New York Times
Ireland has formally applied for a rescue package worth more than $100 billion, after months of trying to survive its financial crisis with austerity measures and strict budgetary planning. The much-anticipated step gave a lift Monday to global stocks as well as the euro.
European Union officials, who had been pushing Ireland to accept help, quickly agreed to the request late Sunday, committing a staggering amount of funds to an ailing member for the second time in six months.
The total amount of the package was not announced, but several officials said it would be €80 billion to €90 billion, or $109 billion to $123 billion. Last spring, Europe disbursed €110 billion to Greece to save it from bankruptcy.
On Monday, the British Chancellor of the Exchequer George Osborne said Britain’s share would be around £7 billion, or $11 billion, via bilateral aid to Ireland as well as through its I.M.F. commitments.
“We are not part of the euro and don’t want to be part of the euro,” Mr. Osborne told the BBC. “But Ireland is our very closest economic neighbor so I judged it to be in our national interest to be part of the international efforts to help the Irish.”
In early trading Monday, the Euro Stoxx 50 index, a barometer of euro zone blue chips, rose 0.8 percent, while the FTSE 100 index in London rose 0.6 percent.
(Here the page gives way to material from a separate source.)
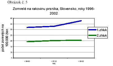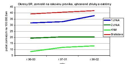 Na Slovensku, pokiaľ ho hodnotíme rovnakou metódou, ale v samostatnom výpočte, kde sú použité iba slovenské dáta, je vyšší rozdiel medzi „dobrým“ a „zlým“ zhlukom. Oba zhluky, na rozdiel od Čiech, majú narastajúcu tendenciu, vo všetkých okresoch, na celom území pribúda relatívna úmrtnosť na rakovinu prsníka rýchlejšie, ako v Čechách. Ak je pravdivá teória o neblahom vplyve zlepšujúcich sa životných podmienok, tak je táto správa pre Slovákov paradoxne potešiteľná.

The euro rose to $1.3747 from $1.3673 late Friday in New York.
Bond prices reacted positively as well. The Irish 10-year yield fell 18 basis points, but — at 7. 73 percent — still carried a hefty premium to the comparable German bond, the European benchmark, which ticked up 2 basis points to 2.72 percent.
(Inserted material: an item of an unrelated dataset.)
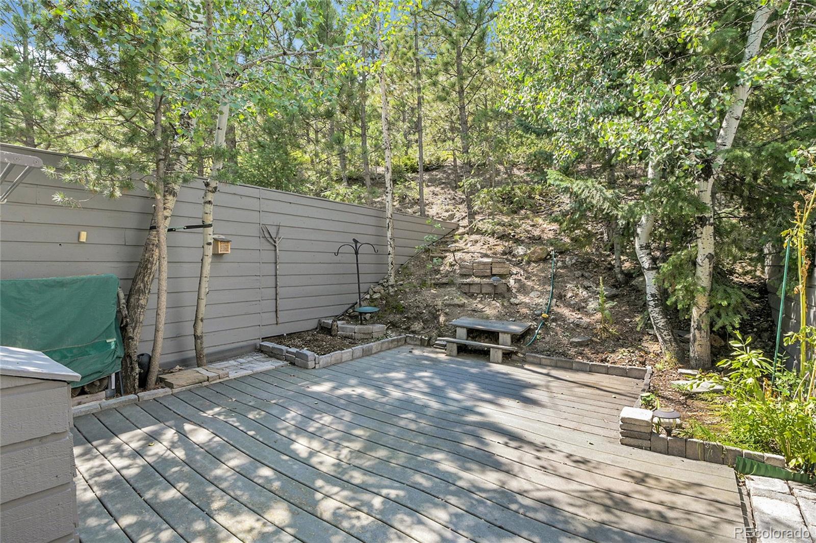 Don’t miss your opportunity to live within walking distance of Evergreen’s restaurants, Evergreen Lake, and miles of Open Space! This light-filled 2-bedroom, 2-bath townhome features vaulted ceilings, oversized skylights, and a cozy wood-burning fireplace. The open main-level layout includes a welcoming kitchen, spacious great room, a secondary bedroom, and a full bath. Two sliding glass doors lead to a private Trex deck—ideal for relaxing, entertaining, or enjoying visits from local wildlife. Upstairs, the primary suite offers a full bath and dual closets, creating a comfortable retreat. With its low-maintenance design, this home is the perfect lock-and-leave for seasonal travelers or anyone looking to enjoy all that Evergreen has to offer year-round.

“It’s a step in the right direction,” Henk Potts, a fund manager at Barclays Stockbrokers in London, said of the Ireland rescue, “but we need to see more detail,” particularly on how much money is actually on the table and how it will be distributed. Those details will be worked out over the coming days.
“E.U. officials may have won the battle,” Mr. Potts said, “but the war is still to be fought.”
The Irish finance minister, Brian Lenihan, said Monday that the rescue package could quickly put the nation back on course to borrow money in international bond markets.
“The view in the discussions to date has been that the provision of this large facility may enable Ireland to return to the bond markets very quickly,” Mr. Lenihan told the Irish national broadcaster RTE on Monday.
The loans to Ireland were necessary in large part because of the faltering state of the nation’s banking system, underscoring the extent to which ailing banks remain a threat to recovery two years after the financial crisis rippled through economies and pressured banks around the world into accepting bailouts.
Ireland’s aid will come from a rescue mechanism worth roughly $1 trillion that was set up in May by the E.U. and the I.M.F. to help euro zone countries spiraling toward default.
Government officials hope that the large commitment of money will calm investors and keep the crisis from spreading to Portugal and even Spain. It was fear of a market panic and looming contagion that prompted officials to press Ireland to accept aid early before its debt problem got out of control.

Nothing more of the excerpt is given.